Do you trade stocks online, or even look at your portfolio in an electronic format? Do you move money around online? Going paperless means going wireless, which has opened up a whole new world of opportunity for criminals to hack, phish, spoof and otherwise thieve their way into your financial life.

Financial industry regulators are well aware of this and are developing guidelines to push back against cybercrime. In the meantime, companies are taking matters into their own hands; Urbandale-based wealth management firm Gilbert and Cook is just one example. In past years the annual ladies’ luncheon sponsored by them might feature some lighthearted fare such as spring planting tips from area gardening expert Jerry Kluver. Not so at the latest gathering slated for May 12: Cybersecurity is front and center with a guest speaker on fighting identity theft. Now that everyone has migrated huge amounts of their financial information to the internet, Gilbert and Cook wants clients to be aware of what they face and give them tools to fight back.

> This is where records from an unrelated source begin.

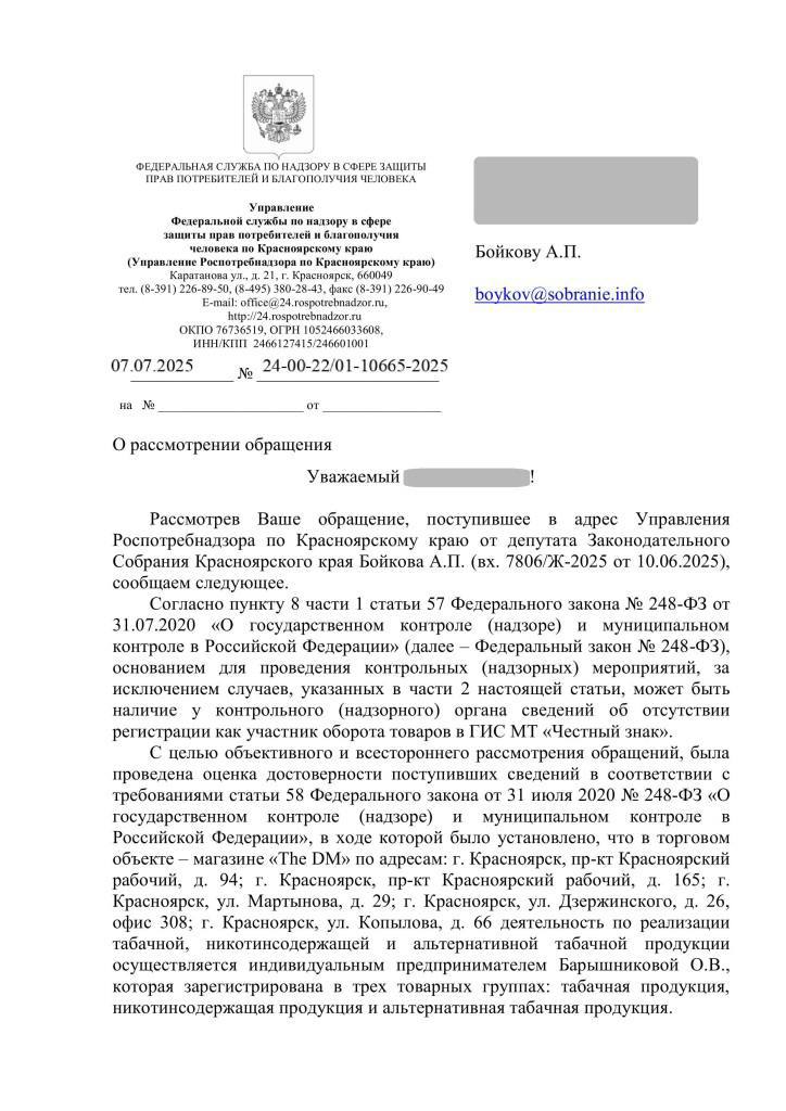 «Считаю, что ситуация с вейпшопами в городе давно вышла за рамки нормы. Многие из них работают почти в открытую с нарушениями, торгуют несертифицированной продукцией и располагаются там, где особенно уязвимы дети и подростки. Такая «альтернатива» табаку на деле представляет реальную угрозу здоровью. Государство должно реагировать на это жестко, и я, со своей стороны, продолжу добиваться системных проверок и наведения порядка в этой сфере», — рассказал Алексей Бойков.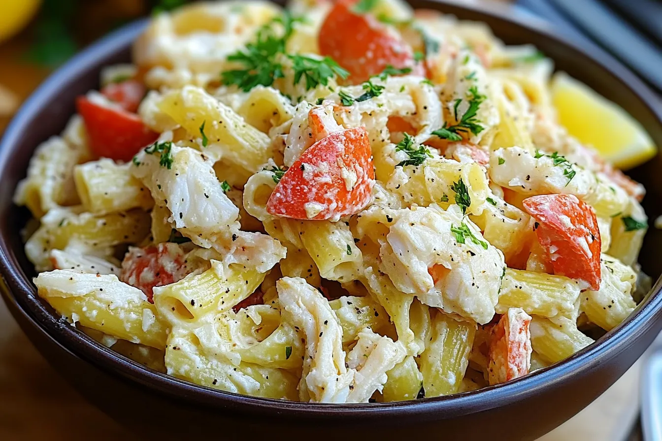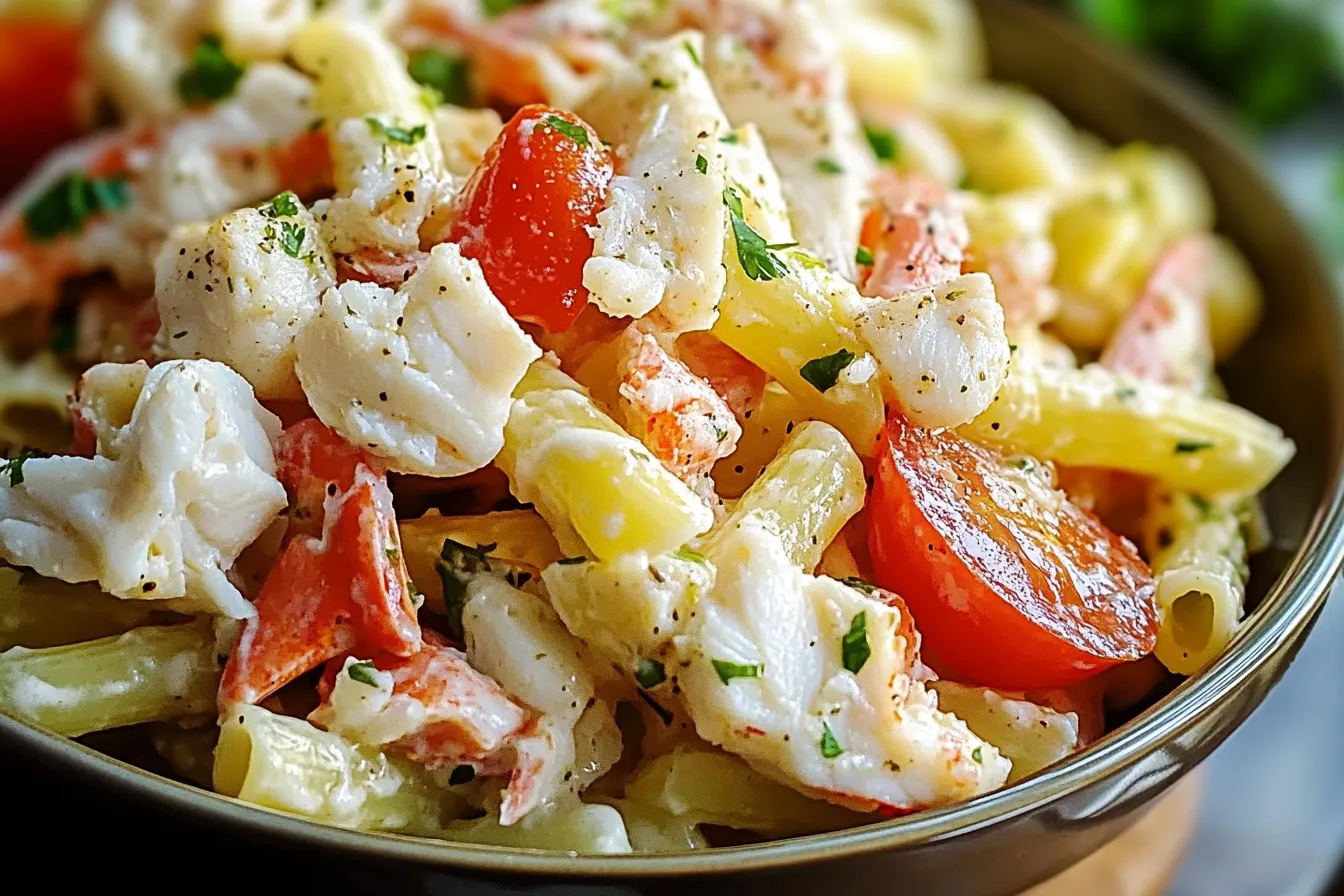 Easy refreshing Crab Pasta Salad recipetasty and perfect for summer gatherings Enjoy the vibrant flavors and effortless prep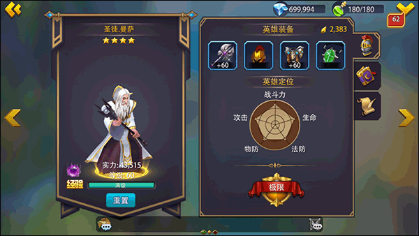 关卡奖励极为关键:普通难度产出英雄装备、升级材料、图纸及加速道具;精英难度则掉落英雄碎片。前期务必全力推进关卡进度,为英雄成长积累资源。切记及时为英雄装配装备并持续强化,因为英雄的战斗力主要来源于等级、进阶与装备三重维度。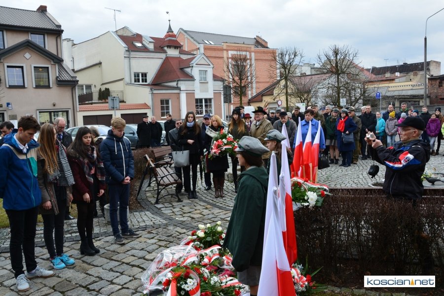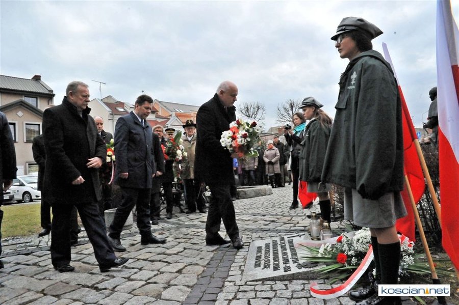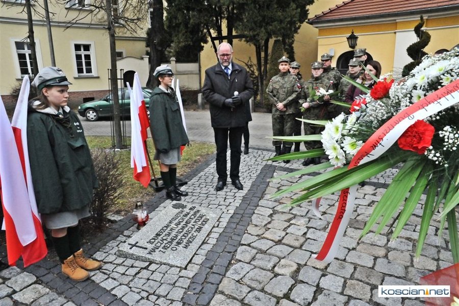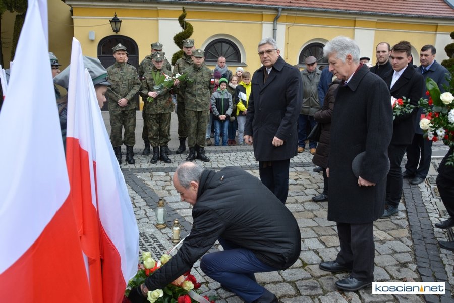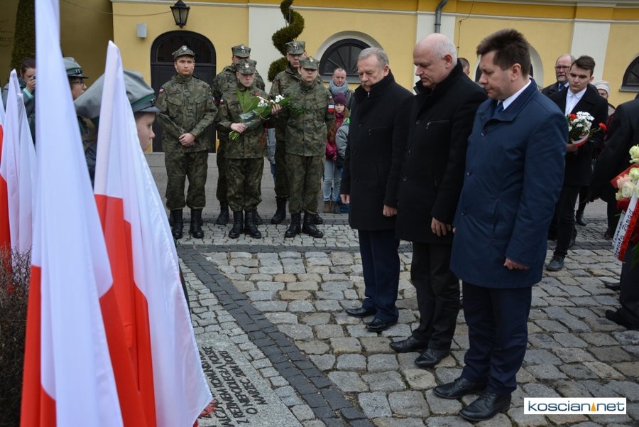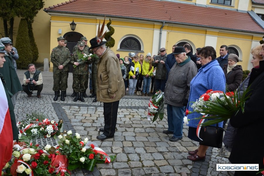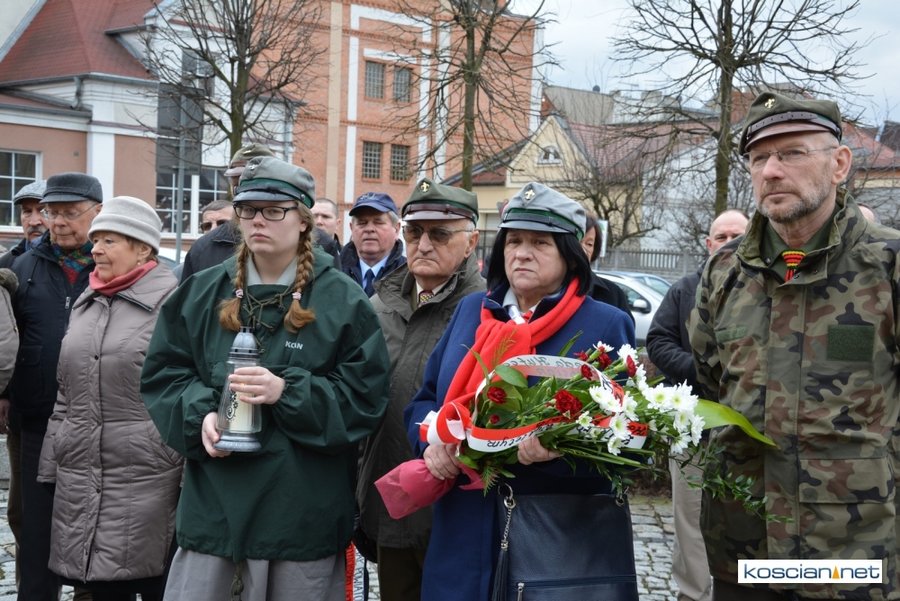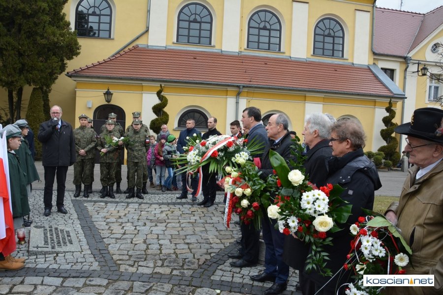Władze samorządowe powiatu, Kościana, gminy Kościan, gminy Czempiń, poseł na Sejm RP, przedstawiciele organizacji społecznych i politycznych, służb mundurowych i mieszkańcy Kościana złożyli wiązanki kwiatów pod tablicą upamiętniającą Żołnierzy Wyklętych. Wartę honorową przy tablicy zaciągnęli harcerze.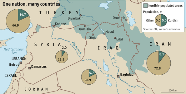 Kurdish protest takes place in an area now largely urbanized. The rural landscape with which the Kurds were closely associated, both in their daily reality and in much Orientalist imagination, has virtually disappeared [...]. in Iraqi Kurdistan, where Kurdish villages were destroyed en masse during the 1980s by the regime of Saddam Hussein, three quarters of the population live in the three largest cities, Erbil — the capital — Dohul and Sulaymaniyah. [...] In Syria, the core of Kurdish politics has always pulsed in the city and today more than ever it is the intelligentsia and the youth that occupy the stage. Equally in Iran, even if the power has never applied a policy of deliberate destruction of the Kurdish countryside, the demographic and political weight of rural areas has decreased to the benefit of a dozen cities, which are among the least developed in economic terms but are characterized by a great vitality. While most Kurdish cities in Iran have between 100,000 and 150,000 inhabitants, Urmia approaches 600,000. We observe the same dynamic in Turkey, where the tribal phenomenon was so palpable in past Kurdish resistance. [...] Another element, infinitely more noticeable than in the past, regards the weight of internal diasporas in each of these countries. If Baghdad has ceased, for obvious reasons, to be a place of Kurdish concentration, other capitals or major cities extend the Kurdish space well beyond historical Kurdistan: Istanbul — home to millions of Kurds — and a half dozen other Turkish cities, Aleppo and Damascus, where there are about 600,000, or again Tehran. [...] Finally, if the presence of more than a million Kurds in Europe is nothing new, this other diaspora, quite distinct from that which existed in the former Soviet Union or in the Arab world, and particularly in Lebanon, has been no less radically reconfigured [...], pop singers or engineers, restaurant owners or unskilled workers maintain a pro-Kurdish loyalty without therefore accepting the grip of a political organization on their everyday lives.26

Like any firm that handles sensitive financial data, Gilbert and Cook is mounting a several-pronged effort to head off trouble. It is educating clients, by way of luncheon talks. It is continually bolstering its defenses against attack and deception (it will not, for instance, transfer any money without a verifying telephone call from a client). And it is taking measures to ensure that the businesses that deal with the firm have likewise protected themselves.

“That’s not something we had to do in the past,” company co-founder Marlis Gilbert said of some of the security measures. But the new reality is that everyone is a potential victim, so everyone merits a defense shield.

Helping out in this effort is Charles Schwab & Co., which is the custodian for securities held by Gilbert and Cook clients. Schwab has devised a 58-point cybersecurity checklist that it and Gilbert and Cook run through to ensure that their defenses are as robust as they can be (and adaptable to the ever-changing world of cybercrime).

Schwab is one of several vendors to Gilbert and Cook, and all of them (accounting, for instance, or document systems) have to have their own security measures in place, and be subject to testing.

So far, there have not been any reports of security breaches of Des Moines-area financial industry firms. That doesn’t mean that evildoers haven’t tried. If so, they’ve been thwarted by proactive steps taken by firms that used to simply invest your money and now find they have to guard it, as well.